The first plague was a certain race that came called the Coranians; the second was a shriek which came on every May-eve; and the third was provisions of food and drink disappeared from the king's court over night.

Llefelys said the second plague was due to a dragon in Lludd’s kingdom and another dragon of a foreign race is fighting with it. To overcome this plague, Llefelys told Lludd he would need to measure the length and breadth of the Island to find the centre, there dig a pit and place a cauldron filled with the finest mead, covered over by a satin cloth. They would appear as dragons fighting in the air and then tire and fall in the form of pigs into the cauldron, sink in to the mead, drink it and then fall asleep. Lludd would then need to bury them in the strongest part of the island. When Lludd measured the island, Oxford was found to be the exact centre of Britain.

Oxford is less than twenty miles from Dragon Hill at Uffington. But of course, the 'centre' depends what you are measuring and where from; in most cases you would find the centre of any given object by bisecting the longest dimension by the widest, half length by half breadth.

Henry of Huntingdon wrote of the ‘Four Highways’ in his Historia Anglorum (c.1131); “The first runs from west to east and is called the Icknield Way......The fourth, longer than the others, begins in Caithness, and ends in Totnes, that is from the beginning of Cornwall to the end of Scotland.”

Following Henry of Huntingdon, Geoffrey of Monmouth identified the Four Highways as being part of the story of the mythical King Belinus, hence the longest of the Four Highways has been named the 'Belinus Line'.

The Belinus Line - Copyright (c) 2012 Gary Biltcliffe
According to Geoffrey of Monmouth in his 12th century chronicle the "History of the Kings of Britain"  (Historia Regum Britannie c.1136) (HRB Book III, Chap.5), Belinus wore the crown of Loegria, Kambria and Cornubia (England, Wales and Cornwall). After falling out with his brother Brennius, who ruled from Northumberland to Caithness, and driving him across the Channel to Gaul, Belinus ruled the whole island of Albion from sea to sea, and reaffirmed the laws that his father King Dunvallo Molmutius had made; The Molmutine Laws.

In plotting the boundaries of the northern realm known as Brigantia during the 1970s Ragland Phillips noted a grid pattern. He extended this line beyond Brigantia and found a dead straight line extending from the south coast of England to Scotland. He called this alignment the Belinus Line after Geoffrey of Monmouth's mythical roadbuilder.
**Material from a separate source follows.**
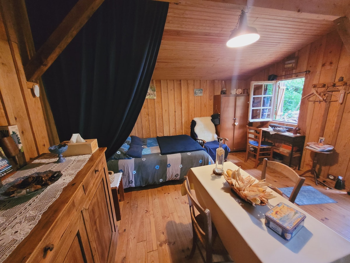 Small rustic chalet on the edge of the forest in a large park 50 m from our house. A simple place surrounded by trees and lulled by birdsong. Relax in this unique and quiet accommodation. Perfect for reconnecting with nature and yourself. Equipped with the essentials for a peaceful and natural stay. The accommodation is composed of a room (studio) with integrated kitchenette and storage. The bathroom with shower, sink and dry toilet is adjoining (entrance from the outside)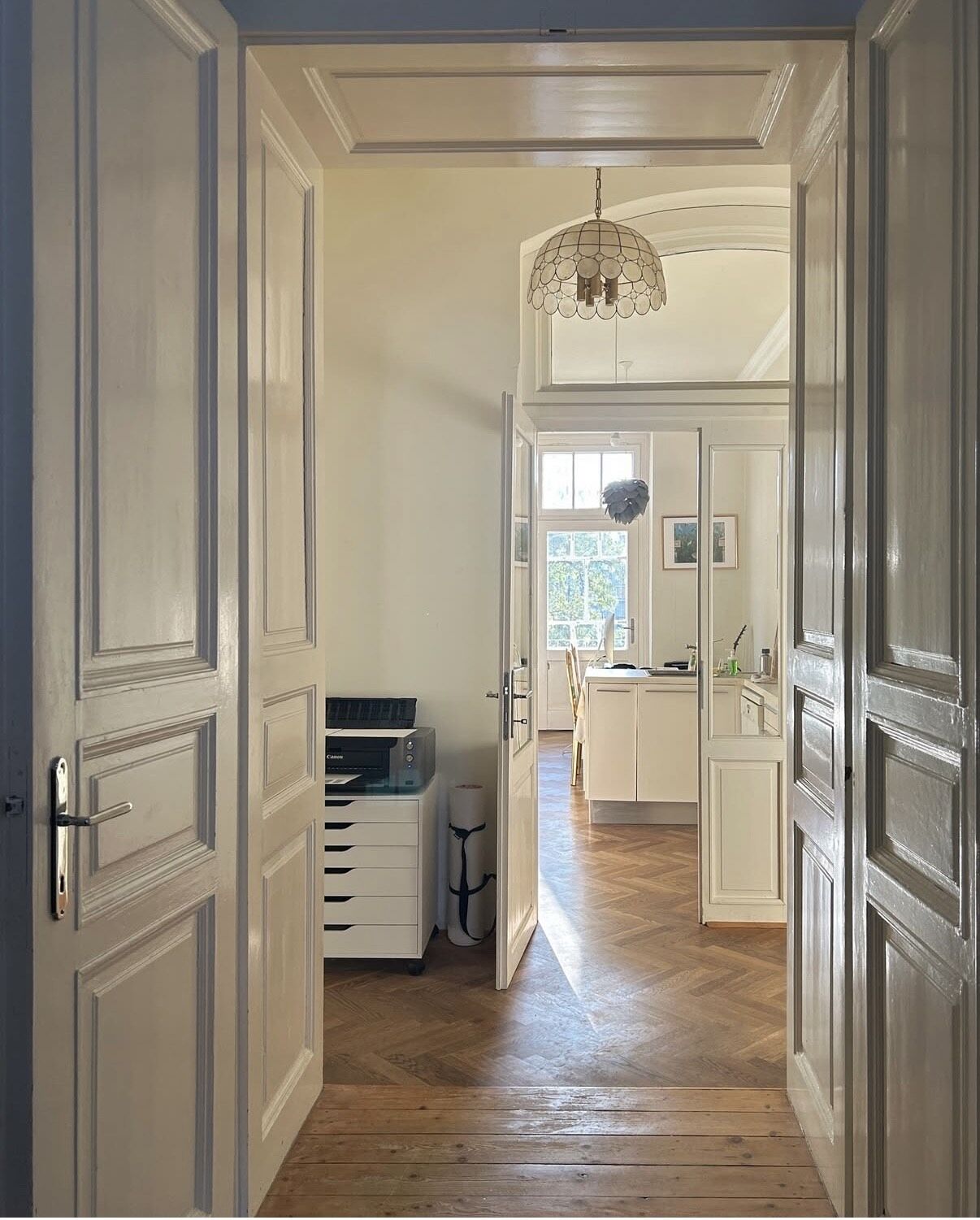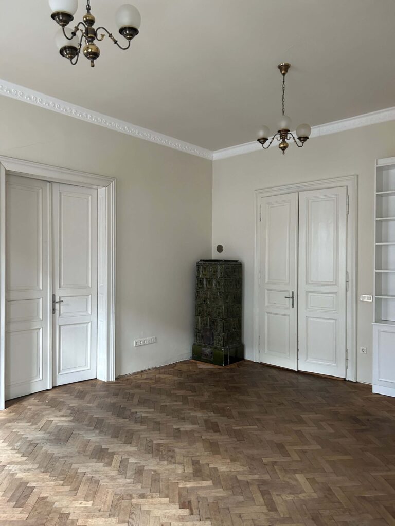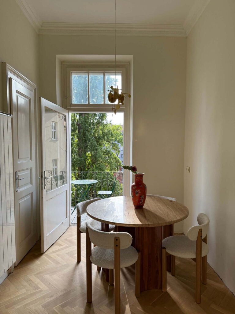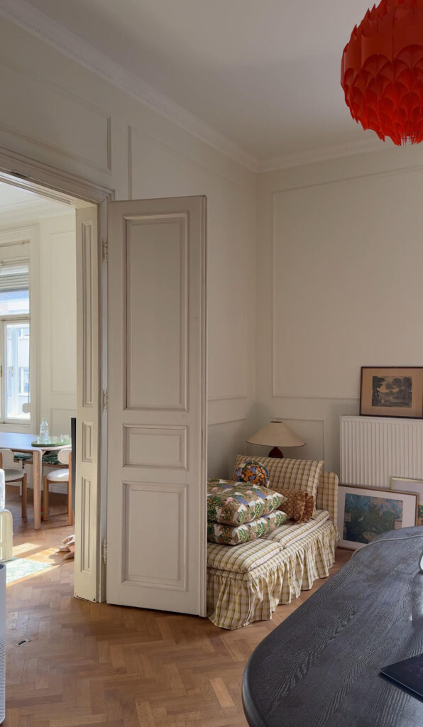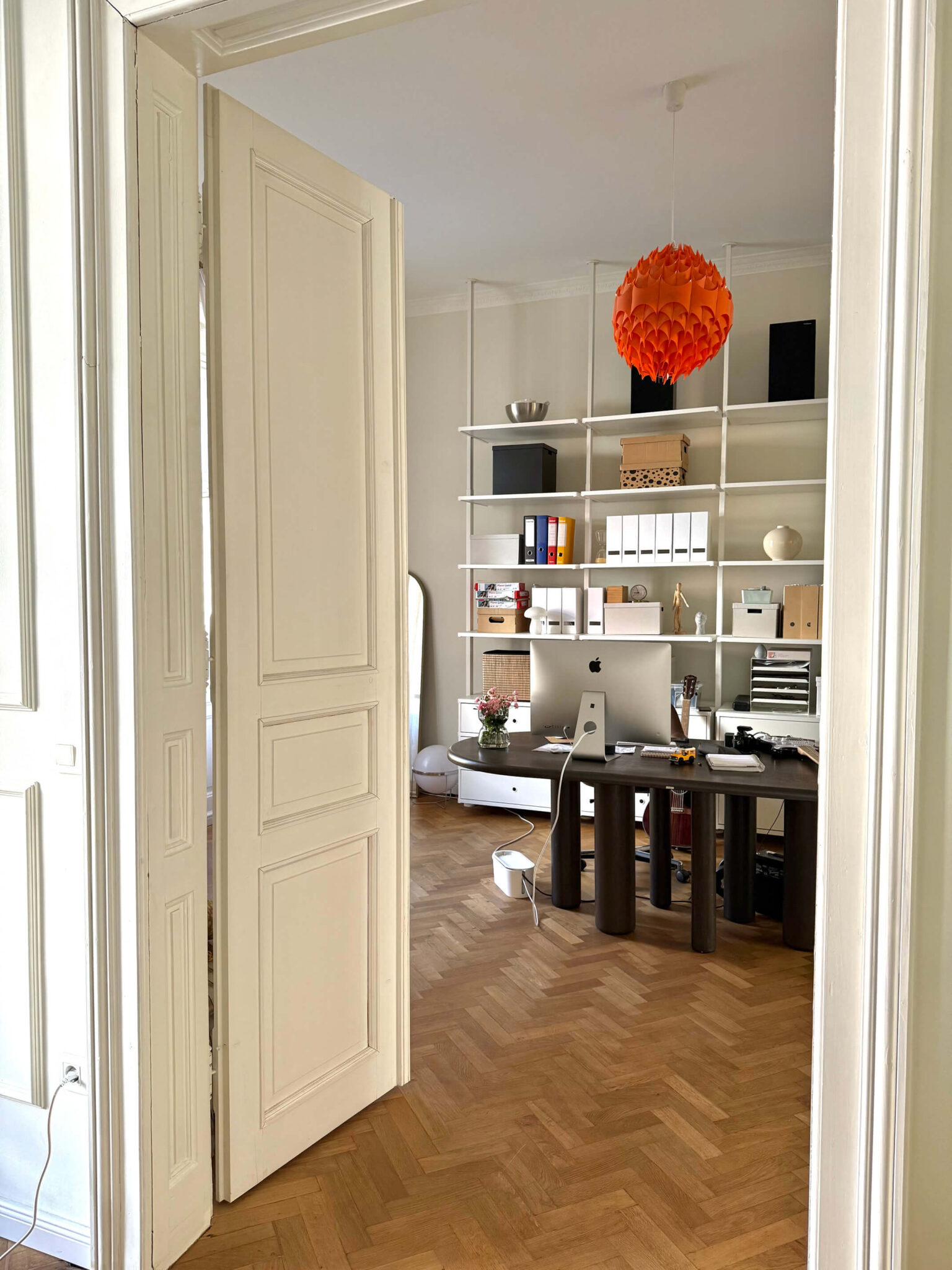 Stanovanje, ki nosi močen pečat stanovalcev, se je razvijalo z njima in onadva z njim. Njegova najbolj izstopajoča značilnost je bil originalni parket, ki sta se ga lotila najprej. Sama sta ga obnovila: zbrusila in znova polakirala. Prav želela sta, da še naprej škripa, tako kot je včasih. »Zdaj malo manj škripa, kot je sicer, ampak nama je všeč, da se ohranja ta kulturna dediščina,« razlaga Alja.

The Belinus Line runs through important ancient sites such as St Catherine's Hillfort in Hampshire, Beacon Hill, Inkpen Beacon, Dragon Hill at Uffington, The Rollright Stones in Oxfordshire, Alderley Edge and the Bridestones in Cheshire, Shap (stone circle, now ruined) in Cumbria marking the mid point, on through Arthuret to the coast of Scotland at Durness.

The Michael Line
Many ancient sites associated with the dragon legend are found on the high places in the landscape; many were 'Christianised' by replacing the stone temples with a church. These sites are often situated atop a mound, a rocky knoll or flat-topped hill. The church is typically dedicated either to St Michael or St George, both depicted in Christian iconography as dragon slayers.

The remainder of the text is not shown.